** DATA LISTING follows **

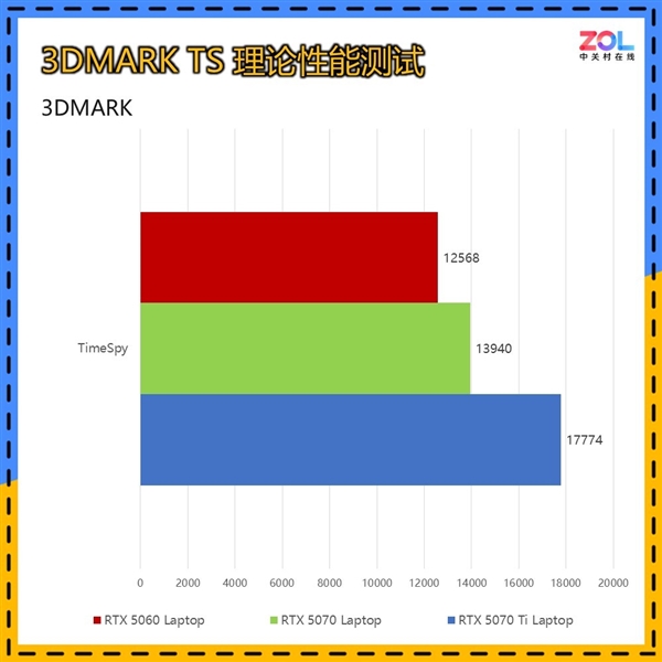 首先是理论性能测试,测试软件为3DMARK。在代表DX12性能的Time Spy中,具体成绩如下。性能提升方面,移动版RTX 5070相比移动版RTX 5060提升10.9%,这个幅度大家不会陌生,RTX40系中的50、60、70之间的提升幅度就是10%左右。而移动版RTX 5070Ti相比移动版RTX 5070,提升幅度来到27.5%,明显拉开了性能差距。
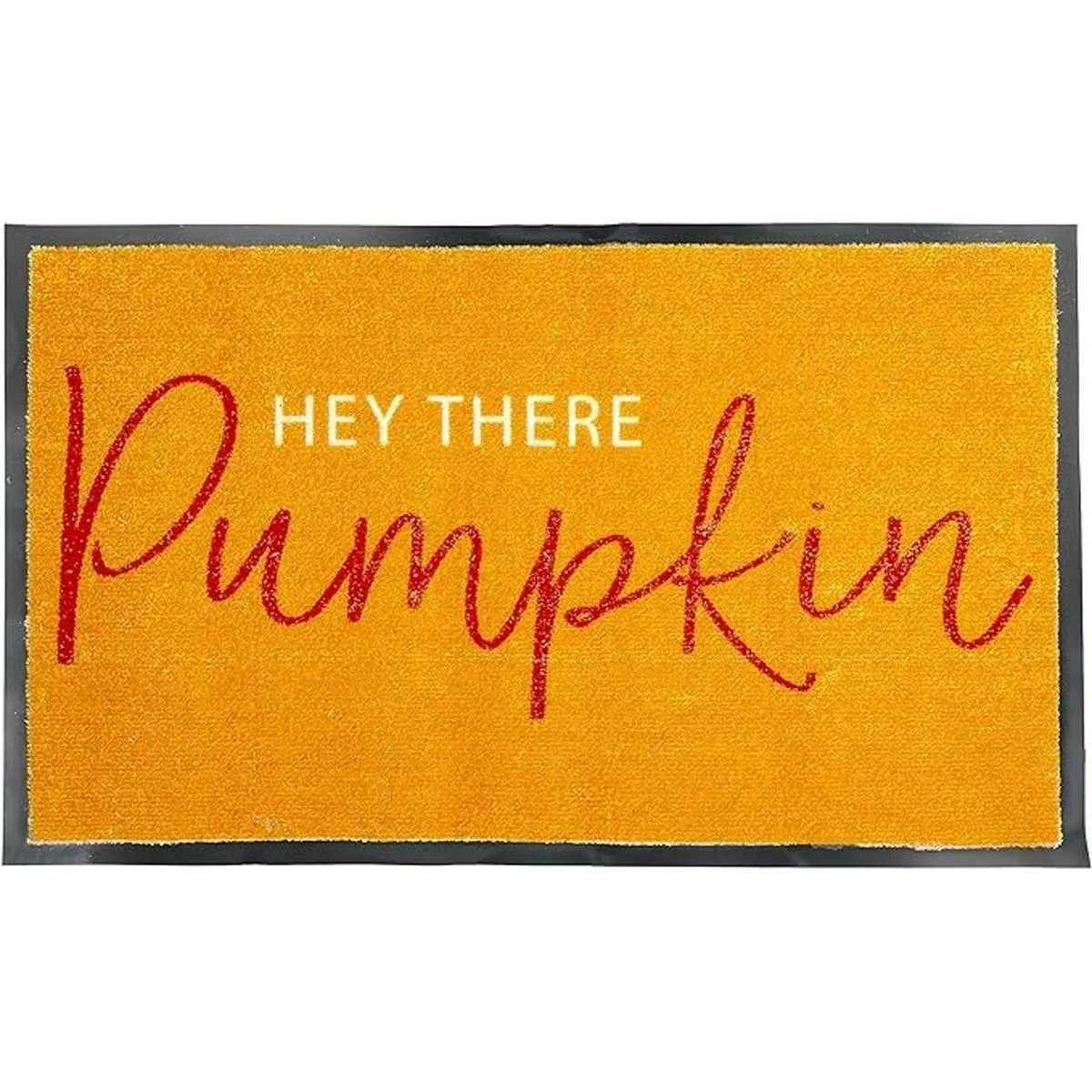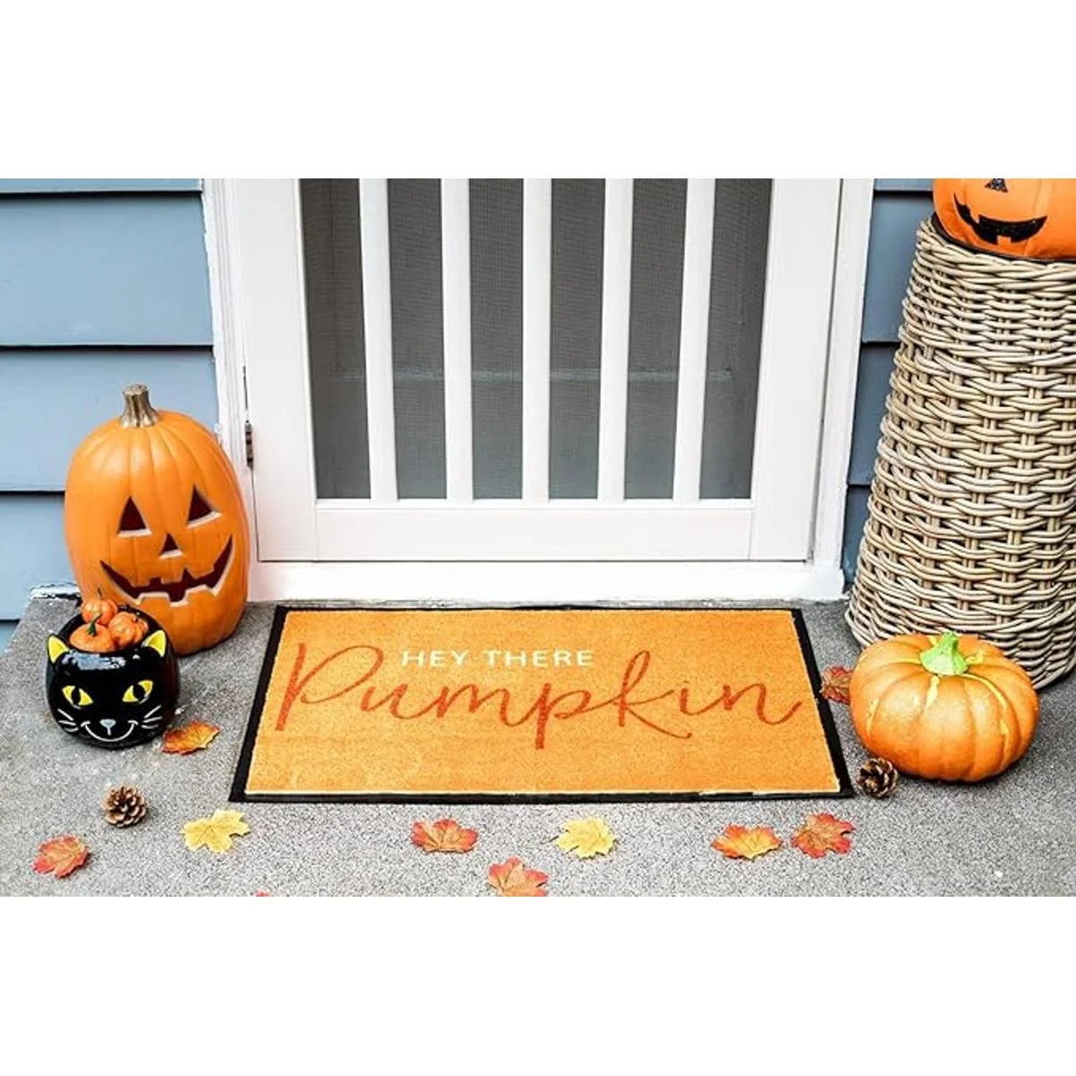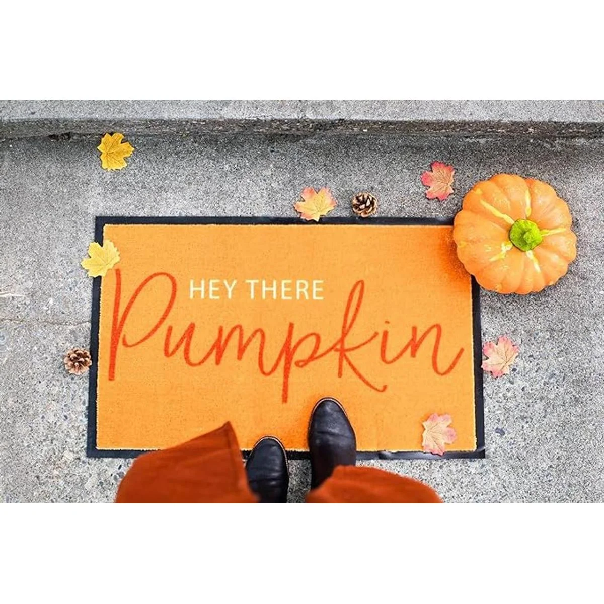Incluye un felpudo naranja para exteriores para el hogar con tablero negro e impresión hey there pumpkin en el medio, la parte posterior de la alfombrilla es de goma antideslizante para garantizar que la alfombrilla se mantenga en su lugar de forma segura
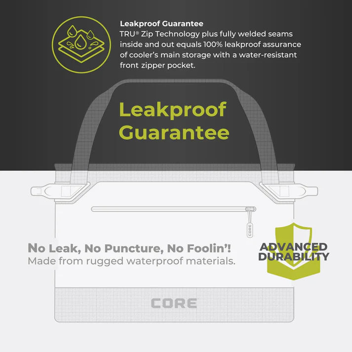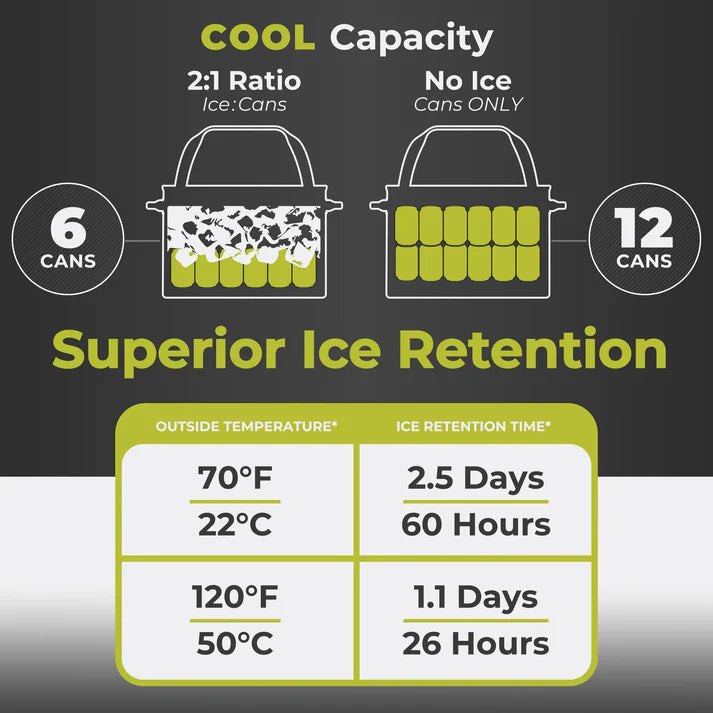 SUPERIOR ICE RETENTION: CORE COOL™ Insulation keeps contents chilled up to 2.5 days, using high-density EVA foam to retain cold, combined with reflective mylar film to repel heat.
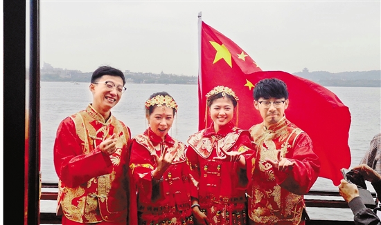 台湾新人们在西湖留下浪漫合影。
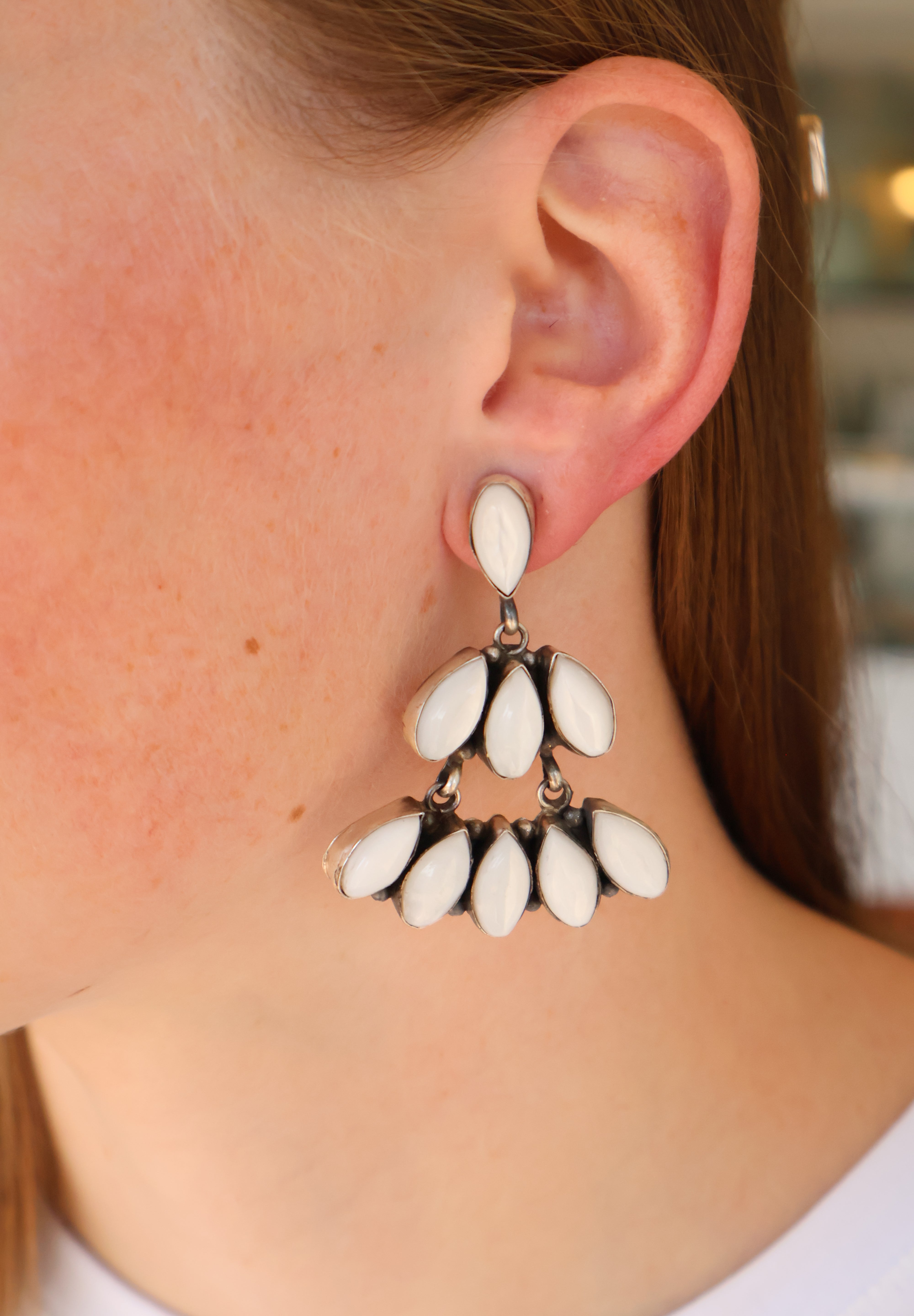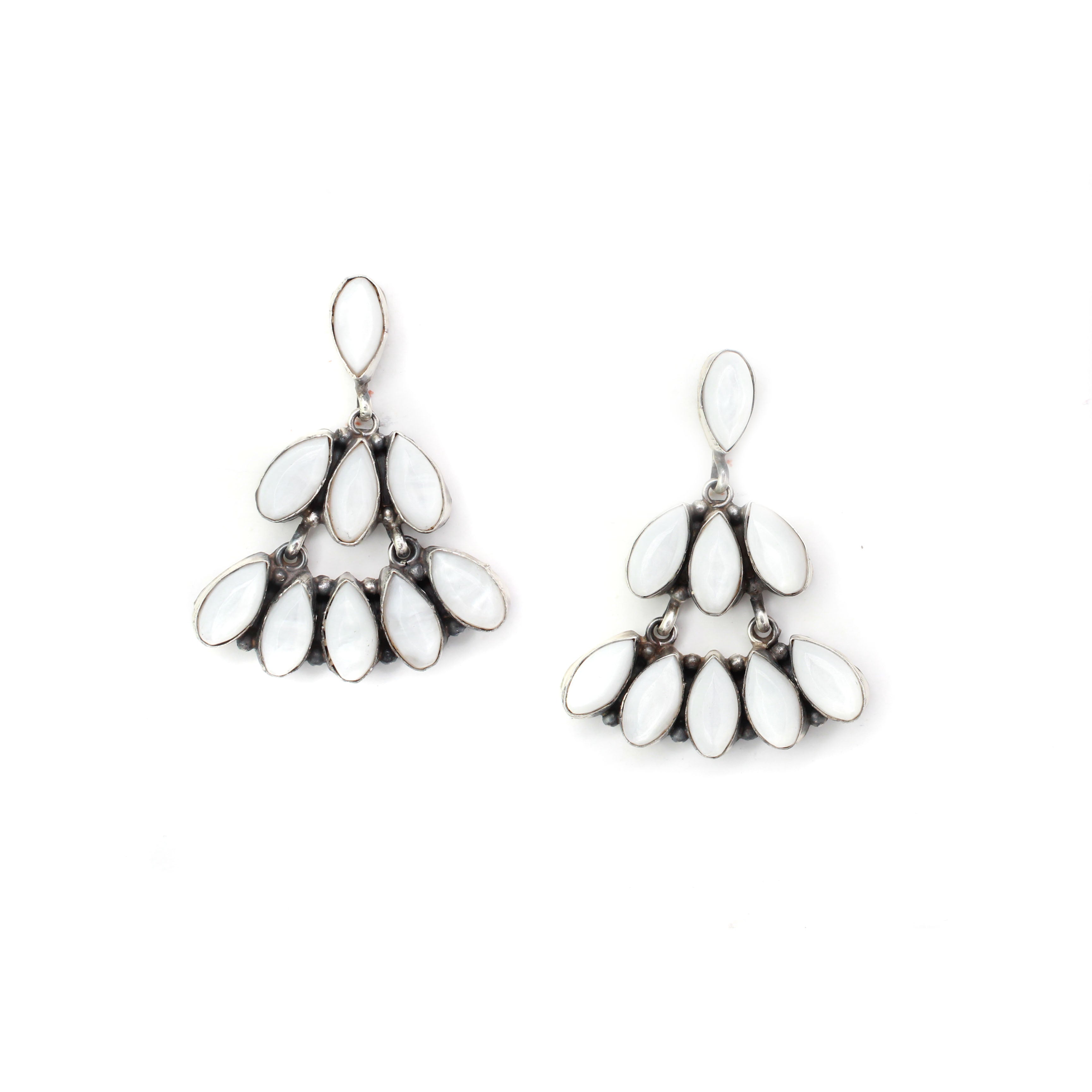 Mother of pearl, also known as nacre, is the iridescent inner layer of certain mollusk shells, such as oysters and abalones. It is composed primarily of aragonite (a form of calcium carbonate) and conchiolin (a protein), giving it a smooth, lustrous appearance. The unique play of colors, ranging from white to various shades of pink, blue, and green, is due to the way light interacts with the layered structure. Native American culture views mother of pearl as a symbol of beauty, protection, and tranquility, which adds deeper meaning to the jewelry.

** End of DATA LISTING **

### TASK INSTRUCTIONS:
The copy should hold every entry above word for word and none of the pictures.

### WRITTEN SOLUTION:
 首先是理论性能测试,测试软件为3DMARK。在代表DX12性能的Time Spy中,具体成绩如下。性能提升方面,移动版RTX 5070相比移动版RTX 5060提升10.9%,这个幅度大家不会陌生,RTX40系中的50、60、70之间的提升幅度就是10%左右。而移动版RTX 5070Ti相比移动版RTX 5070,提升幅度来到27.5%,明显拉开了性能差距。
Incluye un felpudo naranja para exteriores para el hogar con tablero negro e impresión hey there pumpkin en el medio, la parte posterior de la alfombrilla es de goma antideslizante para garantizar que la alfombrilla se mantenga en su lugar de forma segura
 SUPERIOR ICE RETENTION: CORE COOL™ Insulation keeps contents chilled up to 2.5 days, using high-density EVA foam to retain cold, combined with reflective mylar film to repel heat.
 台湾新人们在西湖留下浪漫合影。
 Mother of pearl, also known as nacre, is the iridescent inner layer of certain mollusk shells, such as oysters and abalones. It is composed primarily of aragonite (a form of calcium carbonate) and conchiolin (a protein), giving it a smooth, lustrous appearance. The unique play of colors, ranging from white to various shades of pink, blue, and green, is due to the way light interacts with the layered structure. Native American culture views mother of pearl as a symbol of beauty, protection, and tranquility, which adds deeper meaning to the jewelry.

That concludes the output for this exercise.